Fin qui le parole di Hansen, che sono perfettamente condivisibili: con il passare del minuti l'Umbrail Pass è diventato impraticabile (la carovana, partita ovviamente in anticipo, è passata) ed è un bene che i corridori non siano saliti lassù. Però c'è un però: le parole di Hansen non chiariscono né smentiscono quello che Paolo Bellino, amministratore delegato di RCS Sport, ha dichiarato ieri ai giornalisti e in tv: «Siamo usciti dalla riunione di ieri mattina con un accordo firmato da tutte le parti, corridori e squadre compresi, presente anche il sindaco di Livigno, nel quale si parlava di passerella fino al tunnel Munt la Raschera.
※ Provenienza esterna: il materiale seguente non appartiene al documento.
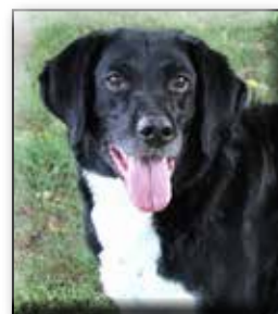
Jack Neutered male Springer cross Approximate date of birth: June 2005 Origin: Owner surrender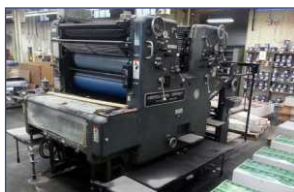
Rigid Box Making Machines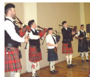
ADK Pipes & Drums

The Pipes and Drums showcased their drum corps and their competition ensemble, as well as performing several sets with the entire group. They are now preparing for Memorial Day parades and the Highland Games season..

Il sindaco è andato sulla linea di partenza e i corridori non si sono presentati».

Forse Hansen e il CPA hanno preferito dimenticare un paragrafo nella loro ricostruzione?

chi volesse rivedere il Processo alla Tappa di martedì 21 maggio puoi farlo cliccando su Raiplay

Copyright © TBW
COMMENTI
É molto semplice
22 maggio 2024 12:21 lupin3
La passerella per il sindaco di Livigno per un australiano non ha alcun senso e se ne é dimenticato

Fuso orario
22 maggio 2024 12:29 Nuovofans
Innanzitutto sarebbe meglio che il CPA avesse come Presidente una persona che ragioni con il fuso orario dell’Europa centrale e non dell’Asia, così magari le mail e i comunicati ili scrive di giorno quando tutti sono svegli e che l’ACCPI avesse un Presidente con un minimo di dignità visto la figura meschina fatta ieri davanti al CEO di RCS Paolo Bellino. Detto ciò, corridori svegliatevi e prendete in mano il vostro futuro !!!

Livigno
22 maggio 2024 12:48 Aleimpe
La località ha sborsato ben 400.000 euro per avere il Giro, avete capito bene ?

Passerella
22 maggio 2024 14:14 alerossi
Chi ha avuto l'idea della passerella a livigno? Una cosa inutile (che certo non sponsorizza livigno che ha pagato, anzi sarebbe stata un clamoroso augogol) sotto la neve. Chiunque esso sia deve lasciare immediatamente la carica che ricopre.

Aleimpe
22 maggio 2024 14:35 Hal3Al
Quindi...si sa che avere arrivo e partenza di tappa costa ed è questa l'ipocrisia di tutti gli attori della vicenda,ognuno a fatto la sua per mettere in scena una "pagliacciata" che si vede solo al giro negli ultimi anni.
Come al solito non si dice per pudicizia,ma sempre di denaro si parla.Onestamente ognuno ha le proprie ragioni ma la figuraccia rimane negli annali,punto.

La colpa
22 maggio 2024 15:16 Carbonio67
Oramai e' un tutti contro tutti e uno scaricabarile generale

Senza Vergogna
22 maggio 2024 17:53 Mauro65
Assurda la pretesa di voler a tutti i costi la passerella....se ne faccia una ragione il signor bellino....assurdo far fare 5 km per incassare, spero che il sindaco si faccia valere

Hai dimenticato i tuoi dati, clicca qui.
Se non sei registrato clicca qui.
TBRADIO

00:00
00:00
Il weekend che tutti in Belgio aspettavano è finalmente arrivato: si corre oggi la prima classica dell’anno, la Omloop Het Nieuwsblad. Dopo la presentazione delle squadre nell’iconico velodromo Kuipke di Gand, il via ufficiale verrà dato a Merelbeke. Il gruppo...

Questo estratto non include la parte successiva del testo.